The answer above is a good one, but I thought I'd add in some more "layman's" terms that helped me better understand concepts of partial derivatives. The answers I've seen here and in the Coursera forums leave out talking about the chain rule, which is important to know if you're going to get what this is doing...
It's helpful for me to think of partial derivatives this way: the variable you're
focusing on is treated as a variable, the other terms just numbers. Other key
concepts that are helpful:
- For "regular derivatives" of a simple form like $F(x) = cx^n$ , the derivative is simply $F'(x) = cn \times x^{n-1}$
- The derivative of a constant (a number) is 0.
- Summations are just passed on in derivatives; they don't affect the derivative.
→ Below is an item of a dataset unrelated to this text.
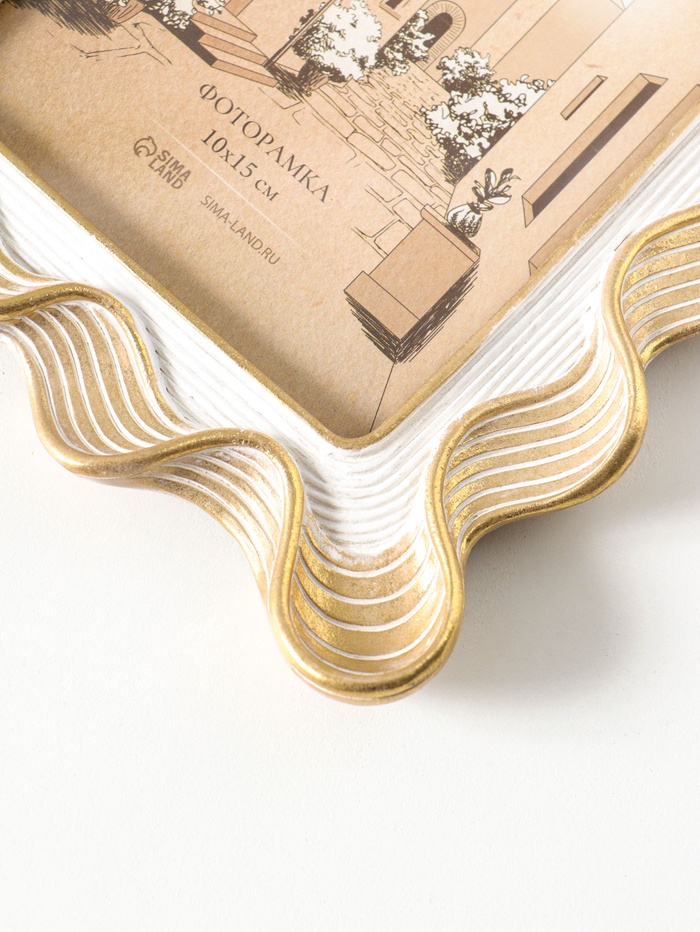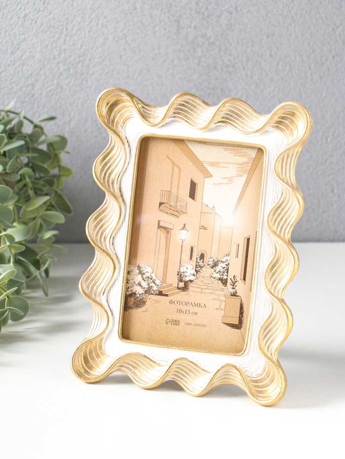 Фоторамка полистоун 10х15 см "Орнамент волна" белая с золотом 15,9х2,2х20,9 см

Just copy them down in place as you derive.
Also, it should be mentioned that the chain
rule is being used. The chain rule says
that (in clunky laymans terms), for $g(f(x))$, you take the derivative of $g(f(x))$,
treating $f(x)$ as the variable, and then multiply by the derivative of $f(x)$. For
our cost function, think of it this way:
$$ g(\theta_0, \theta_1) = \frac{1}{2m} \sum_{i=1}^m \left(f(\theta_0,
\theta_1)^{(i)}\right)^2 \tag{1}$$
$$ f(\theta_0, \theta_1)^{(i)} = \theta_0 + \theta_{1}x^{(i)} -
y^{(i)} \tag{2}$$
To show I'm not pulling funny business, sub in the definition of $f(\theta_0,
\theta_1)^{(i)}$ into the definition of $g(\theta_0, \theta_1)$ and you get:
$$ g(f(\theta_0, \theta_1)^{(i)}) = \frac{1}{2m} \sum_{i=1}^m \left(\theta_0 +
\theta_{1}x^{(i)} - y^{(i)}\right)^2 \tag{3}$$
This is, indeed, our entire cost function.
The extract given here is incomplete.